- Exercise aim -
Leaving out the images, return the data below exactly as it is written.

- Collected material -
....
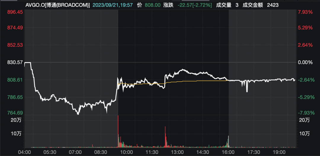 据报道,有传闻称,谷歌计划最早于2027年放弃博通公司(Broadcom),转而自主研发AI服务器芯片。据知情人士表示,今年早些时候,谷歌与博通在芯片定价问题上未能谈拢。为此,谷歌决定放弃博通作为其AI芯片tensor processing units(TPU)的供应商。受此影响,博通股价盘前一度跌超7%,但随后谷歌发布声明称,双方的合作没有任何变化。博通股价跌幅大幅收窄,截至收盘,跌2.67%。
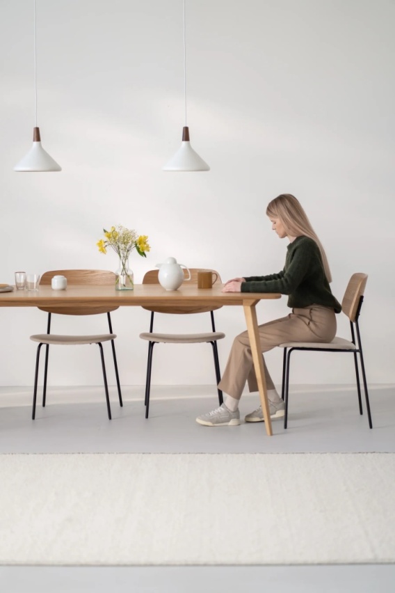 Prostokątny blat zachowuje klasyczne, funkcjonalne proporcje. Delikatnie zaokrąglone narożniki oraz subtelnie wyprofilowane krawędzie łagodzą jego formę i tworzą spójną całość z prostą, zdecydowaną linią nóg. Dzięki temu stół prezentuje się harmonijnie i wizualnie lekko.
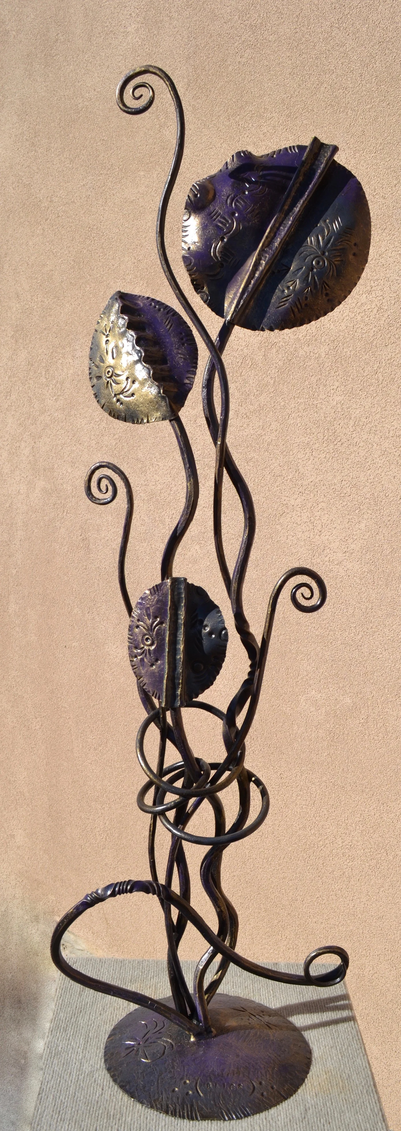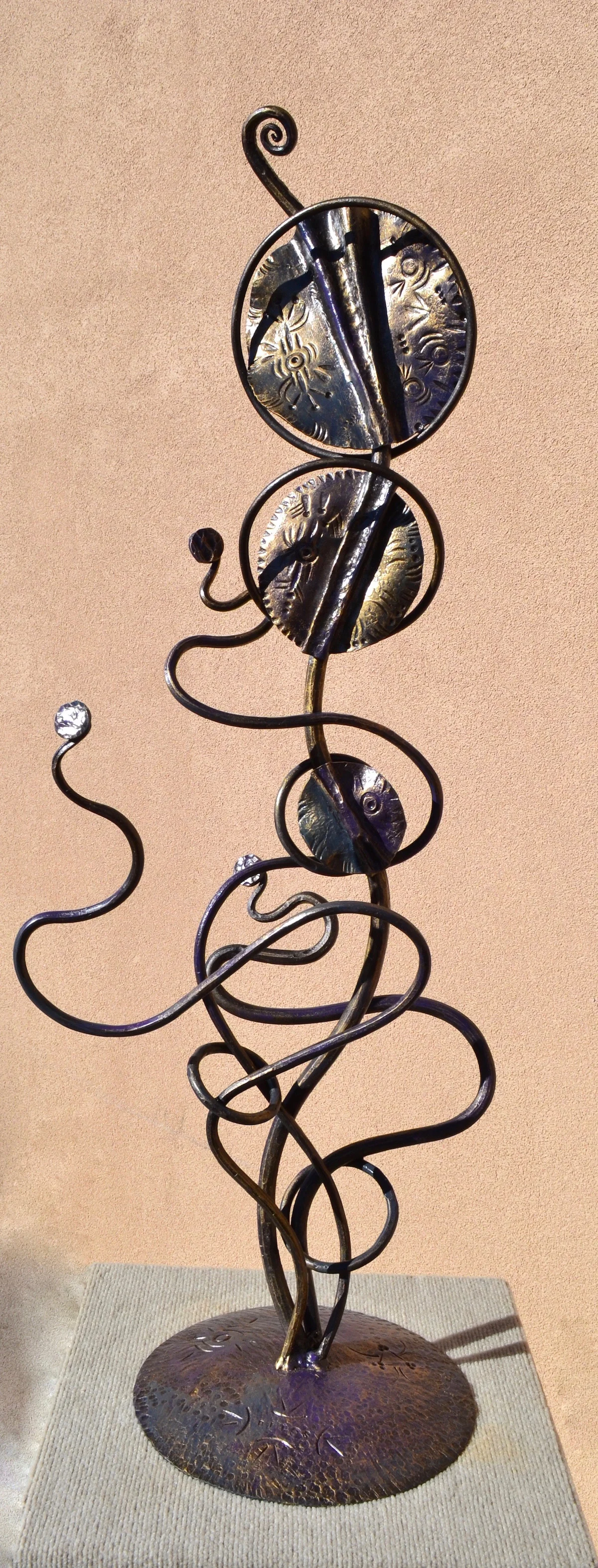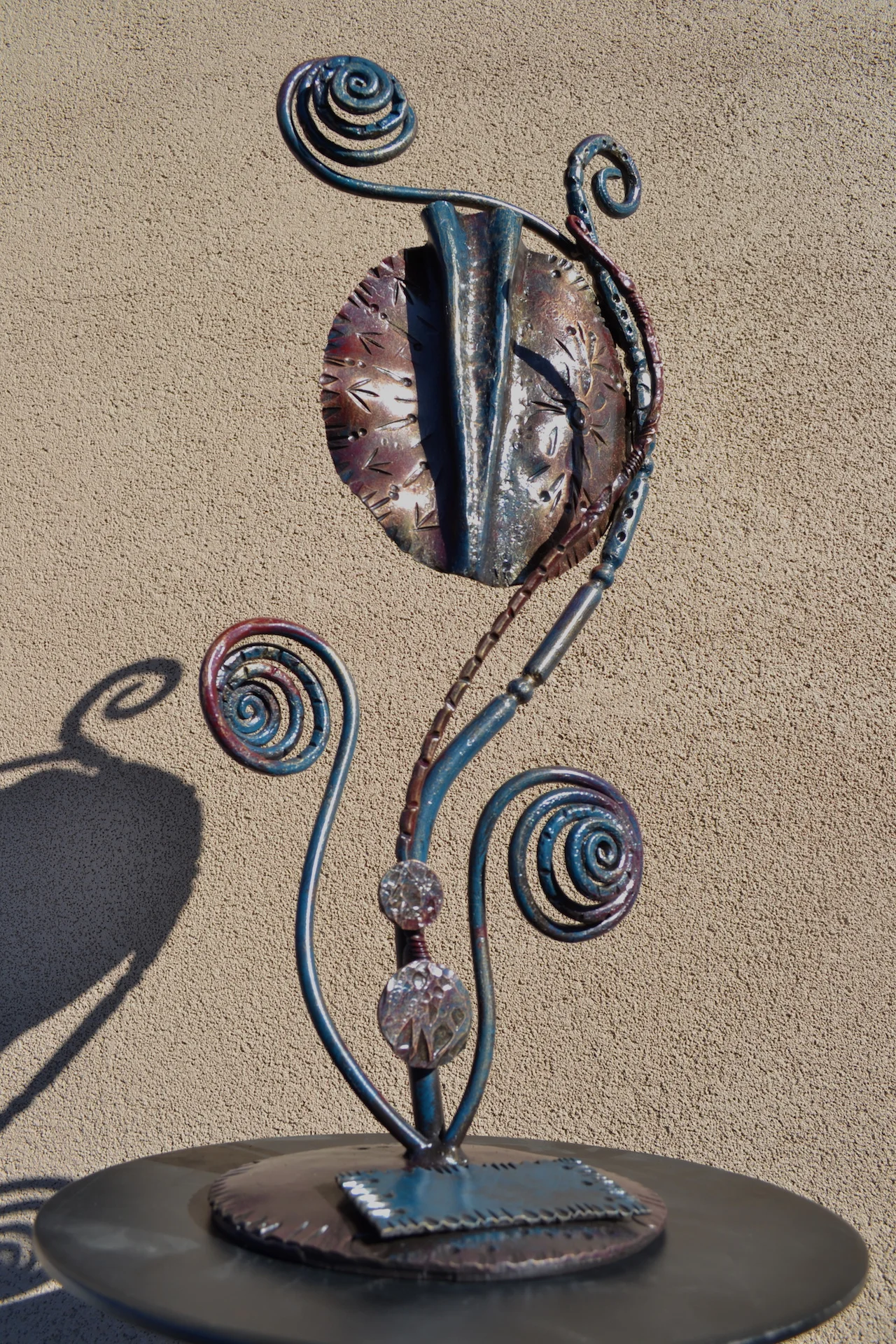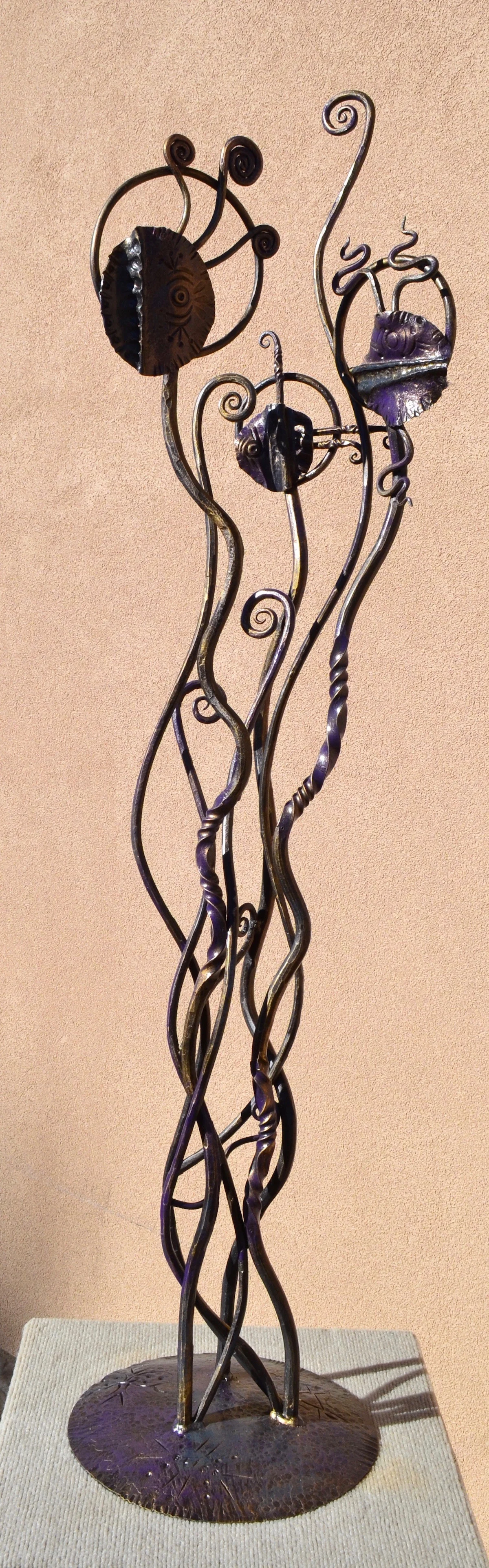 modern wrought-iron style metal and glass art, sculpture, and custom decor
....
- Exercise output -
 据报道,有传闻称,谷歌计划最早于2027年放弃博通公司(Broadcom),转而自主研发AI服务器芯片。据知情人士表示,今年早些时候,谷歌与博通在芯片定价问题上未能谈拢。为此,谷歌决定放弃博通作为其AI芯片tensor processing units(TPU)的供应商。受此影响,博通股价盘前一度跌超7%,但随后谷歌发布声明称,双方的合作没有任何变化。博通股价跌幅大幅收窄,截至收盘,跌2.67%。
 Prostokątny blat zachowuje klasyczne, funkcjonalne proporcje. Delikatnie zaokrąglone narożniki oraz subtelnie wyprofilowane krawędzie łagodzą jego formę i tworzą spójną całość z prostą, zdecydowaną linią nóg. Dzięki temu stół prezentuje się harmonijnie i wizualnie lekko.
 modern wrought-iron style metal and glass art, sculpture, and custom decor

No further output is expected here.